A long way from being the shortest, but I think it's the closest to meeting the timing constraints. I saved 14 bytes by assuming that the input file has been filtered to words of the right lengths; on my netbook, if you feed the whole words.txt then it spends the first minute preprocessing it, discarding most of what it produces, and then takes a mere 20 or so seconds to solve 7x7. On my desktop it does the whole thing in under 15 seconds, giving:

rascals
areolae
serrate
coroner
alanine
latents
seeress

I've let it run for over 50 hours without finding a solution to 8x7 or 8x8. 8-letter words seem to be a critical boundary for this problem - it just hovers around half-full without making much progress.

The approach used is full pivoting and a heuristic based on the number of possible horizontal completions times the number of possible vertical completions.

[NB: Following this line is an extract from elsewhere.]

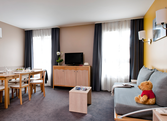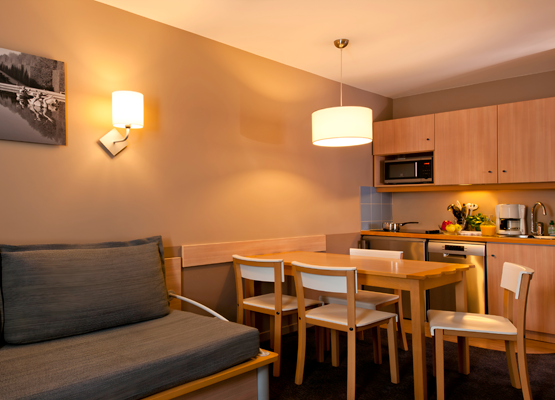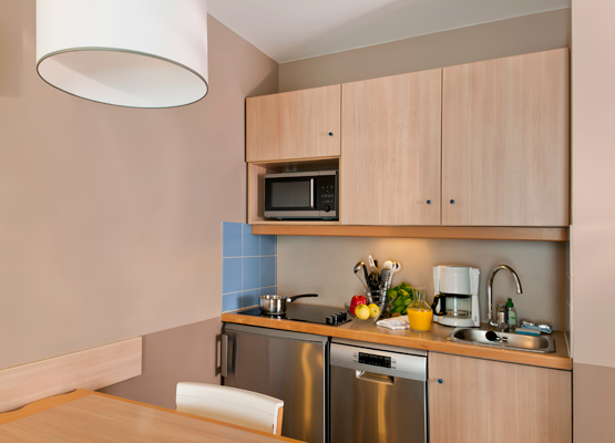 The kitchenette includes a refrigerator, hob, microwave oven and dish washer.

E.g. if we have intermediate grid

*ean*
algae
*ar**
*ier*
*nee*

then we give the top-left corner a heuristic value of count(aean*)count(aa***) + count(bean*)count(ba***) + ... + count(zean*)count(za***). Of all the cells we pick the one with the smallest heuristic value (i.e. hardest to satisfy), and then work though the letters in descending order of the amount they contributed to the heuristic value of that cell (i.e. starting with the most likely to succeed).